→ Information shown
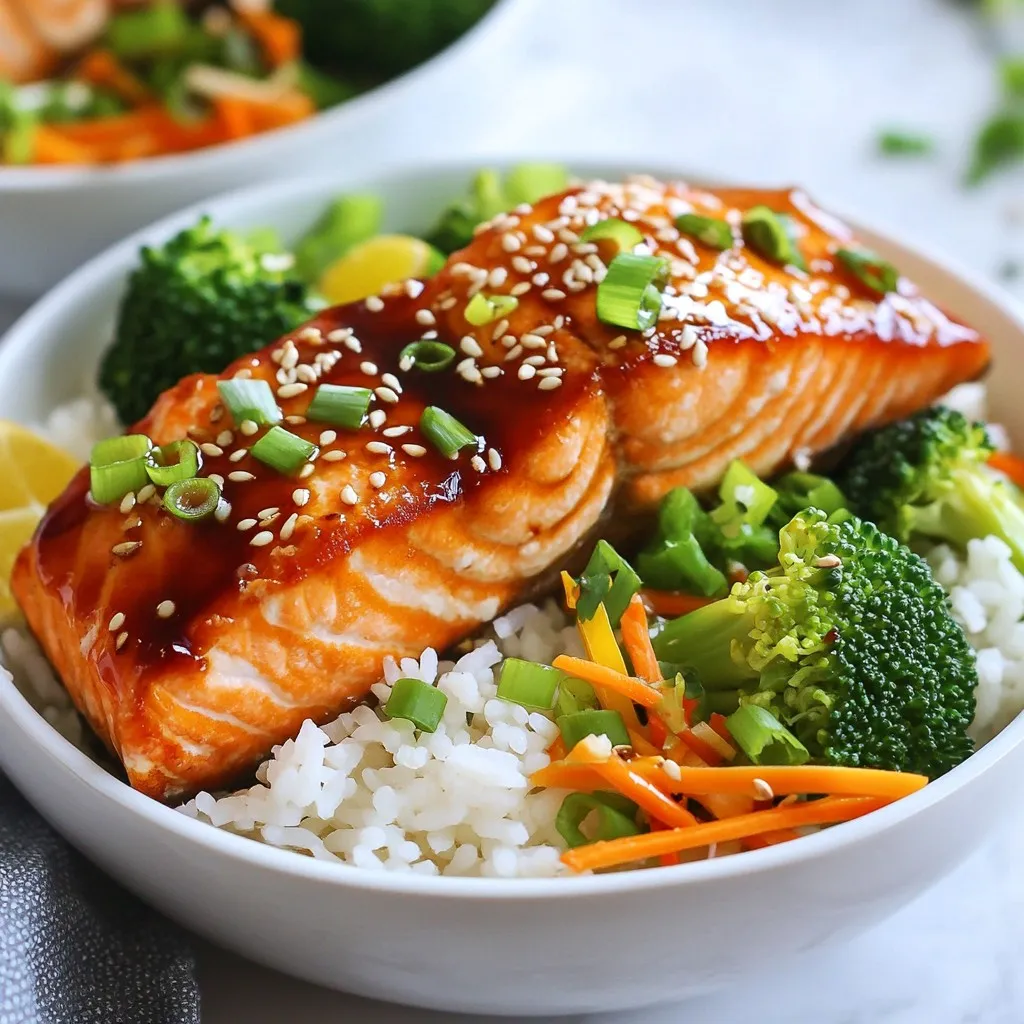 A delicious and healthy dish featuring salmon fillets glazed with teriyaki sauce, served over jasmine rice with steamed vegetables.
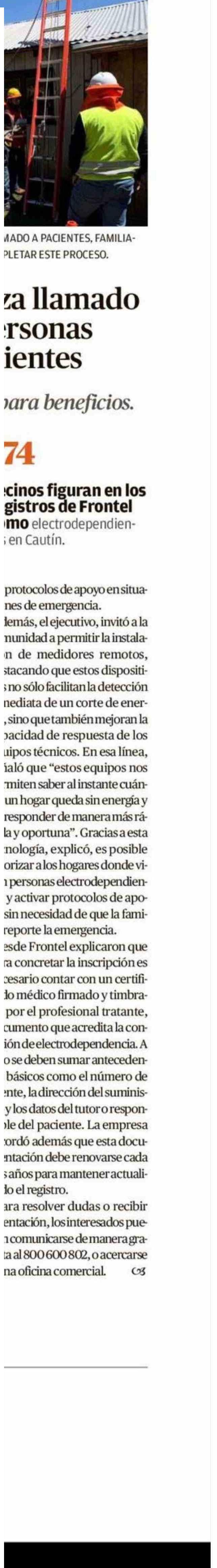 Título: Frontel refuerza llamado a registrar a personas electrodependientes
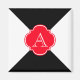Black, red and white geometric pattern with monogram decoration

→ Work required
Return all of the material above unchanged, minus its pictures.

→ Task solution
 A delicious and healthy dish featuring salmon fillets glazed with teriyaki sauce, served over jasmine rice with steamed vegetables.
 Título: Frontel refuerza llamado a registrar a personas electrodependientes
Black, red and white geometric pattern with monogram decoration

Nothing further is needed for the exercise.